*** Opening of Entries supplied ***
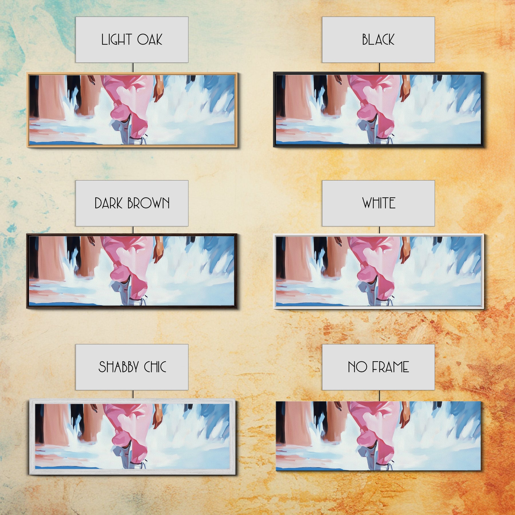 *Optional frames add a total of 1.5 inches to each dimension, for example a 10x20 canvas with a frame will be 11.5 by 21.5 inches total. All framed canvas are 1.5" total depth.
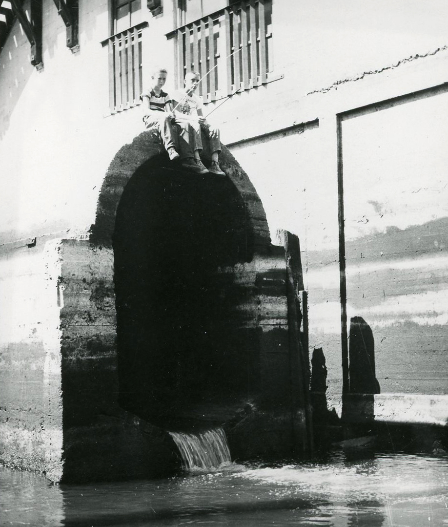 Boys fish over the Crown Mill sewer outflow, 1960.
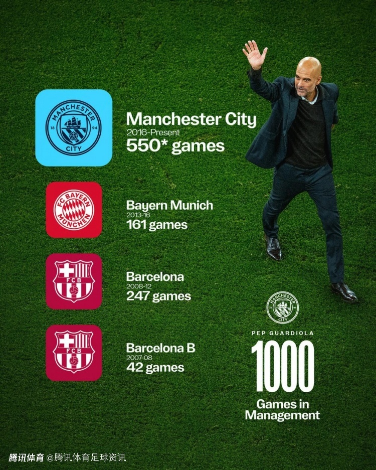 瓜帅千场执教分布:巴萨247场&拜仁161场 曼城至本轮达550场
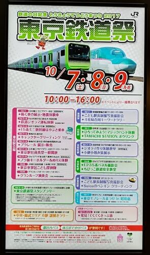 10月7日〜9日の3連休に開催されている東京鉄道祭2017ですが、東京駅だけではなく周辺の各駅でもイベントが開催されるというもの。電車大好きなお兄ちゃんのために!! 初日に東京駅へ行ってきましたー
*** Close of Entries supplied ***
*** Opening of Entries supplied ***
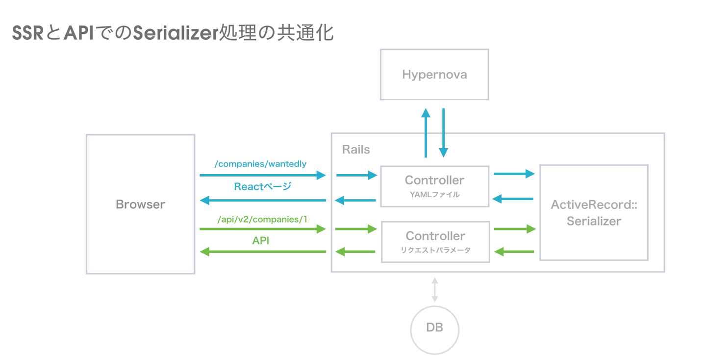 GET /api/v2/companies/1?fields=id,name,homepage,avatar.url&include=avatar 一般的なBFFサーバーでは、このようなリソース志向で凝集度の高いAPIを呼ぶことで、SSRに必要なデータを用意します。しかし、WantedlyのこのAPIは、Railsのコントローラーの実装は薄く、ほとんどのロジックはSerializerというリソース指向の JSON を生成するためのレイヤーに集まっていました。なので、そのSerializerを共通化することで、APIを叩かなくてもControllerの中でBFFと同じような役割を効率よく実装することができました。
*** Close of Entries supplied ***
*** Opening of Entries supplied ***
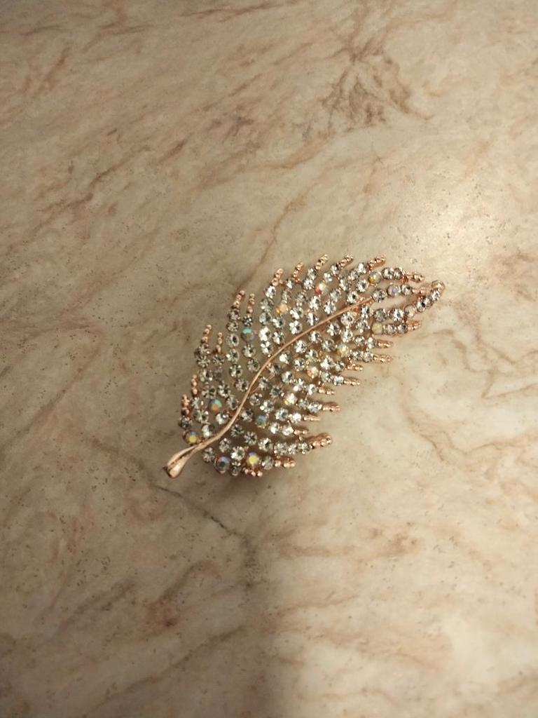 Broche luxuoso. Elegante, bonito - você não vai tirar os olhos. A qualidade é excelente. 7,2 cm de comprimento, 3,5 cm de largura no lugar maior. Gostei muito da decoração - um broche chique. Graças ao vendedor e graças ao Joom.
*** Close of Entries supplied ***
Work task ▸
Look above for the line containing "frames add a" and the line containing "瓜帅千场执教分布:巴萨247场&拜仁161场 曼城至本轮达550场", then reproduce both and everything between them exactly, pictures omitted.

Your response ▸
 *Optional frames add a total of 1.5 inches to each dimension, for example a 10x20 canvas with a frame will be 11.5 by 21.5 inches total. All framed canvas are 1.5" total depth.
 Boys fish over the Crown Mill sewer outflow, 1960.
 瓜帅千场执教分布:巴萨247场&拜仁161场 曼城至本轮达550场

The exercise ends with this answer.